She had wings but did not fly; for she was too scared where she might land. Little did she know that her flight would change her fate and the fate of this remote village in Nagri block of Chhattisgarh.

Isn’t my life similar in many ways? Writes Shibam Jha

“Bhaiya, kya maine theek samjhaya?” she asked me, immediately after her presentation.
(Did I explain well?)

To be honest, I am in a pensive mood. All my late teenage years flash in front of me: from buying stolen coal for my house in Dhanbad, from the children of Mahato community, to teaching them mathematics. But that was idealism of youth, tales of a bygone era enacted from the cosy confines of home. When I decided to join rural development after my engineering, few were surprised, least of all, my family. My professor father simply remarked, “So you have found your calling?”

I think he was glad.

In the year 2014, I joined PRADAN. I was apprehensive, to say the least. I had never lived in a village before, let alone in a tribal block. I feared I will run away in a few days.

The vivid contrast of the place was stark: beautiful hilly forested terrain but low agriculture productivity, large dam and silky roads but grinding poverty, distress mobility to urban centres but a uniquely vibrant culture.

I liked my work immediately.

Now I work with people, in some of the remotest villages of India. Rural development or poverty alleviation, whatever one may call it, is a complicated business. I am making a difference, in their lives (and my own) with all my heart. I know it is just a drop in the ocean, yet for me it is an important drop. And the village of Guhannala is a microcosm of all my work. I facilitate 15 Self Help Groups (SHGs) here. When new agriculture practice, System of Root Intensification (SRI) and trellis farming, was introduced in this village, there were few takers. The entire farming practice eco-system had to undergo a sea change. I remember distinctly all the video shows at night and the intensive discussion during training of farmers. I still crack a joke before the start of any training: the laughter and smiles help me calm my nerves. In the subsequent years, agriculture production in the village went up significantly. The entire village has now shifted to scientific agriculture practices. But a major challenge remains: work on land development and infrastructure.

Today’s meeting could open a golden window of investment on land and natural resource in Guhannala, I thought. I find myself shivering mildly.

A memory from an earlier training gives me strength.

“Mai bohot kuch karna chahti hoon, lekin thoda darr lagta hai, kabhi mauka bhi nahi mila”, Droupdi Markam told me during the training program in her village.
(I want to do so many things, but there is fear; I have never got the opportunity too).

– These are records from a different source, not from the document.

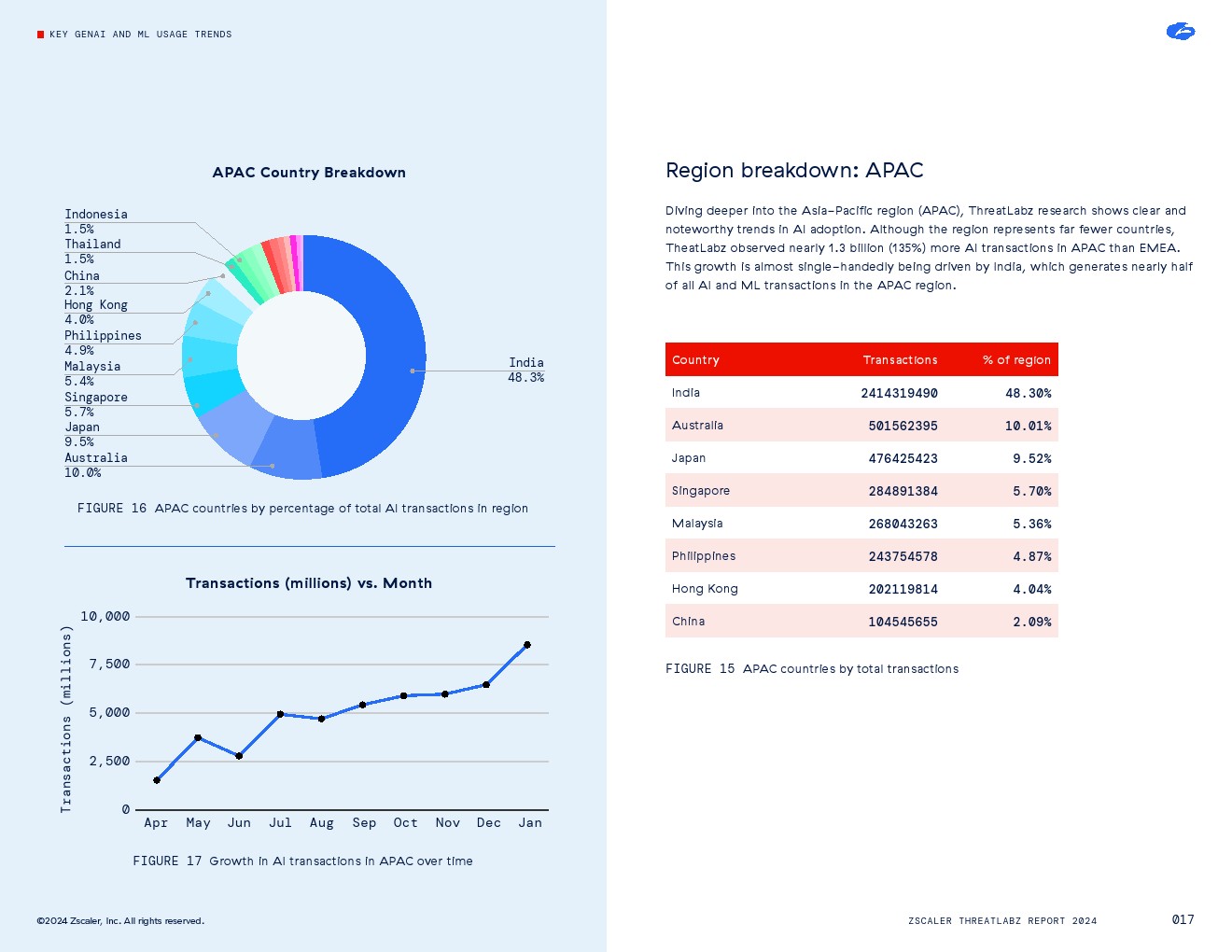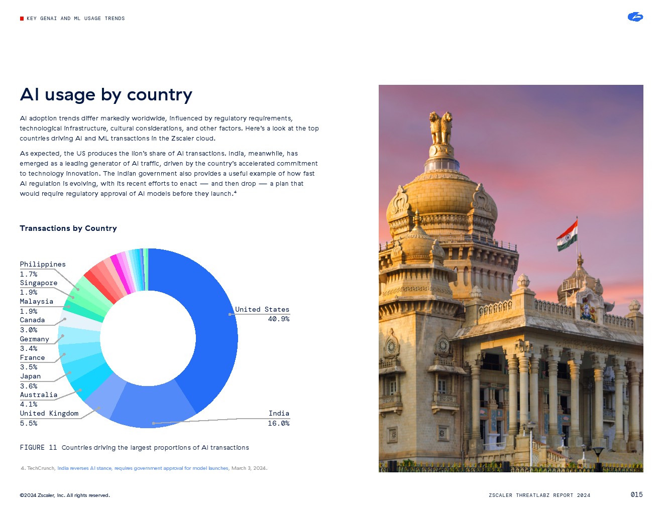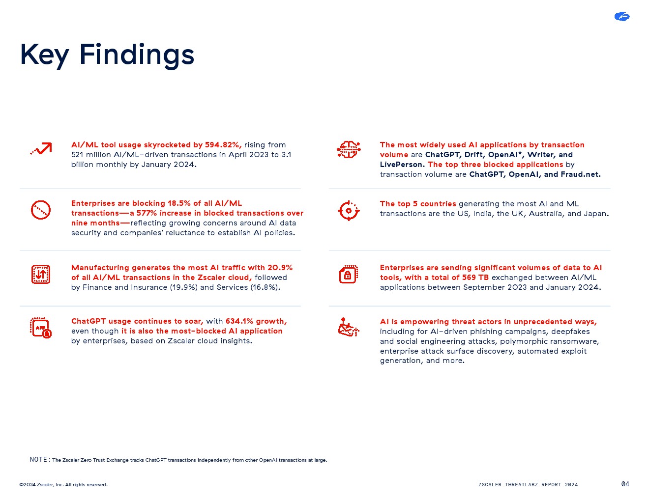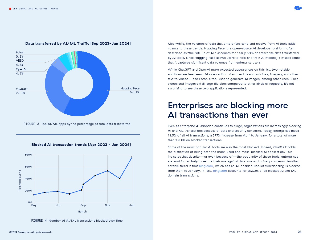 企业阻止了18.5%的人工智能/机器学习交易,在几个月内被阻止的交易增加了577%。反映了对AI数据安全的担忧正在增长。
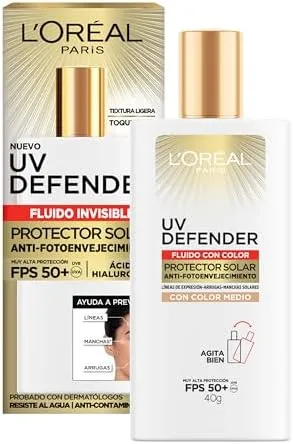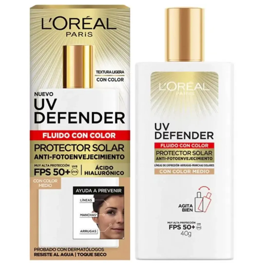 LOREAL UV DEFENDER PROTECTOR SOLAR FPS 50+ CON COLOR MEDIO 40G
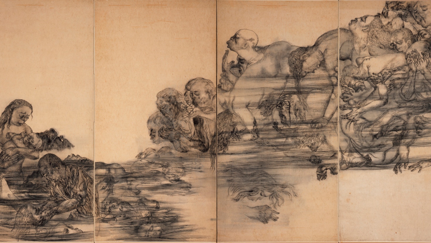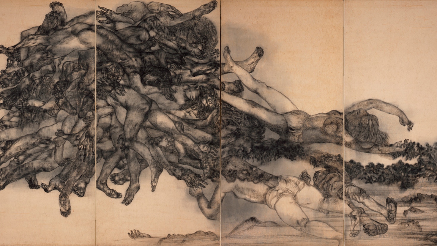 丸木位里と丸木俊は、原爆投下後の広島を見た経験をもとに、1950年から《原爆の図》の共同制作を開始。洋画家の俊が堅牢なデッサンで人物を描き、これを押し流すように位里が水墨を重ねていくという、2人の激しいぶつかり合いの中で生みだされた作品は、日本画と洋画、前衛と伝統といった美術史の枠組みではとらえきれない力で、いまなお強い存在感を放っている。
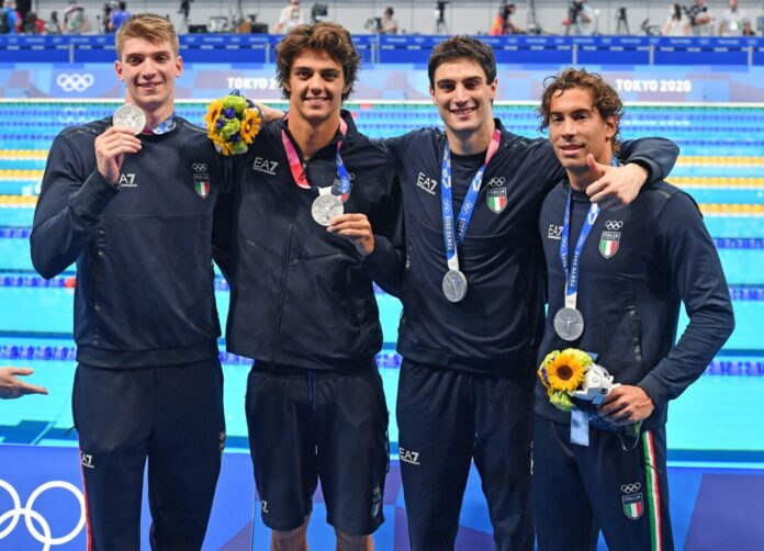 TOKYO (GIAPPONE) (ITALPRESS) – L’Italia vince la medaglia d’argento nella 4×100 stile libero ai Giochi Olimpici di Tokyo. Il quartetto azzurro formato da Alessandro Miressi, Thomas Ceccon, Lorenzo Zazzeri e Manuel Frigo ha chiuso in 3’10″11, battuta solo dagli Stati Uniti (3’08″97). Bronzo per l’Australia in 3’10″22.
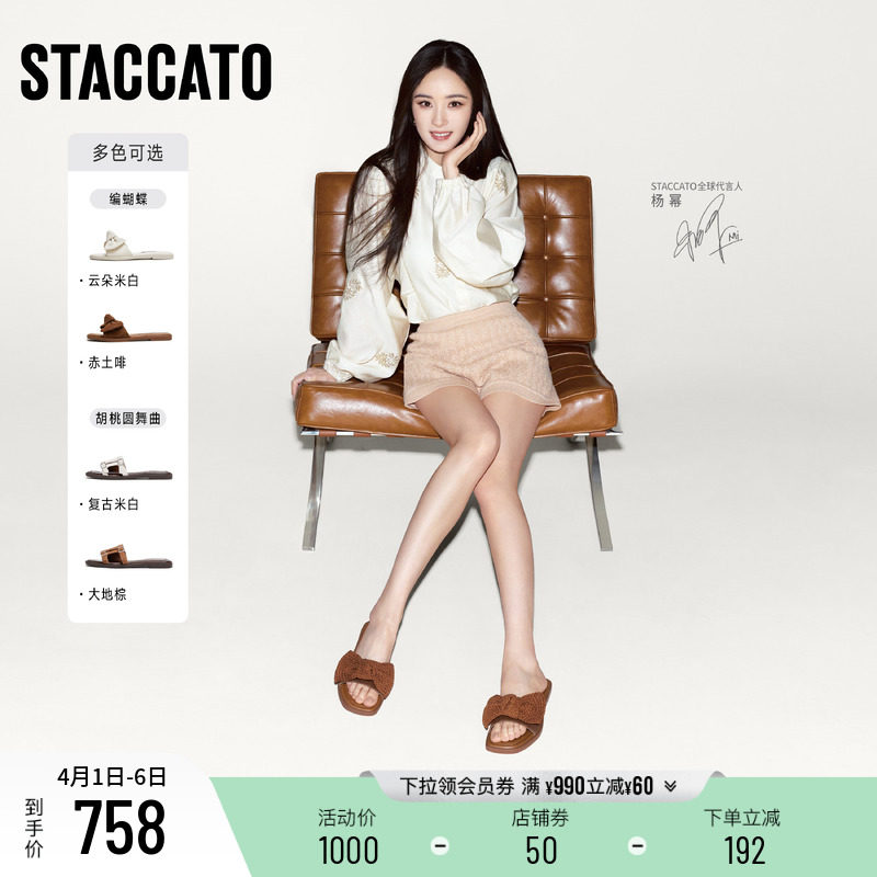 天美意一字拖编织度假平底拖鞋女外穿休闲凉鞋2025夏新款KT072BT5
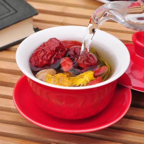 兰州人习惯说“刮个碗子”,那是因为喝这碗茶姿势很讲究,在饮用时,必须是一手捧在盖碗底,另一只手揭起碗盖,把茶碗中的飘料轻轻划向下嘴处的反方向,滗出的茶汤就可以无障碍的入口了。
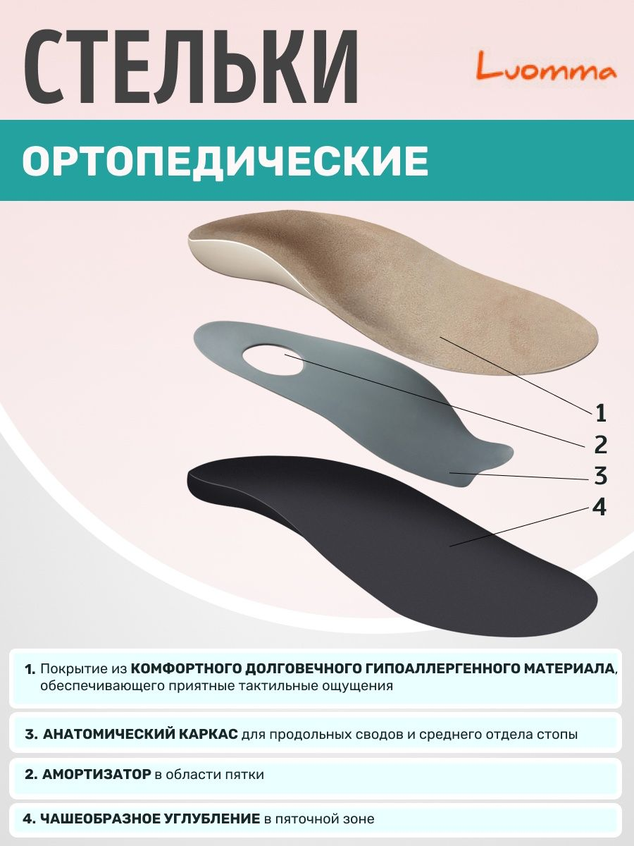 Стельки ортопедические с чашеобразной пяткой и жестким каркасом LUM202, Luomma, размер 41/42
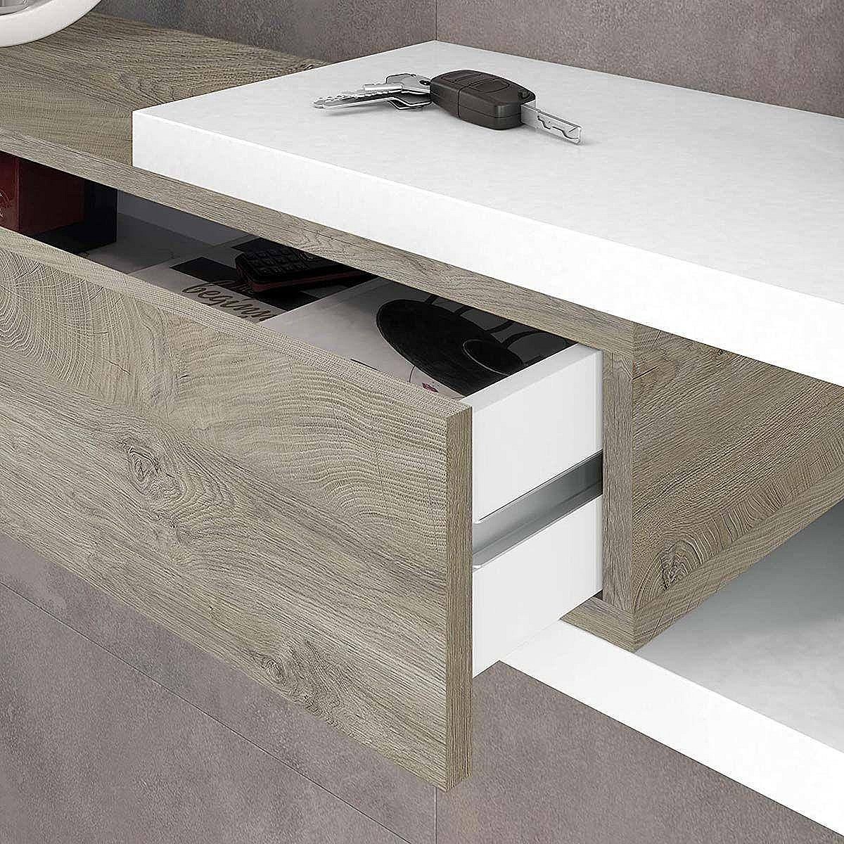 Dhasi entreemeubilair, Omkeerbare entree met spiegel, Halmeubel met lade, Zakblad voor appartementen, 95x26h69 cm, Wit en Eiken
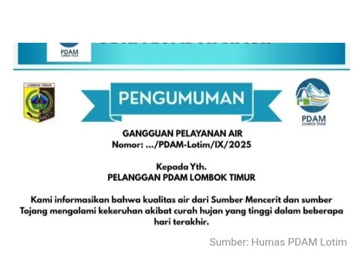 Redaksi24jam.com, Lombok Timur (NTB)– Perusahaan Daerah Air Minum (PDAM) Kabupaten Lombok Timur menyampaikan permakluman kepada seluruh pelanggan...

This Gond tribal woman had to drop out of school to tend to her younger siblings. After marriage, her life was confined to the family farm or farms of others as labourer. When she joined the Self Help Group (SHG), it opened a small outlet of hope. Regular saving and micro-lending within her group broke the debt trap while new agriculture practices ensured year round food security. This helped Droupdi easily negotiate within her household for the required mobility to SHG meetings and trainings, even beyond her village.

In that particular training, the women made a resource map of the entire village. Given the uncertainties of climate and a rather undulating farm terrain, land development was a necessary step for economic and agricultural progress.

We did a transect walk across the village, covering all farms and resources. Droupdi had a paper and pen. She took her notes. After the walk, we gathered back at the training spot. She opened the village map and marked the plots supported by her SHG sisters. In a single day, these semi-literate women had developed a resource map of their village detailing the infrastructure investment required. In the parlance of development-walas and rural engineers, this is called Integrated Natural Resource Management (INRM) planning.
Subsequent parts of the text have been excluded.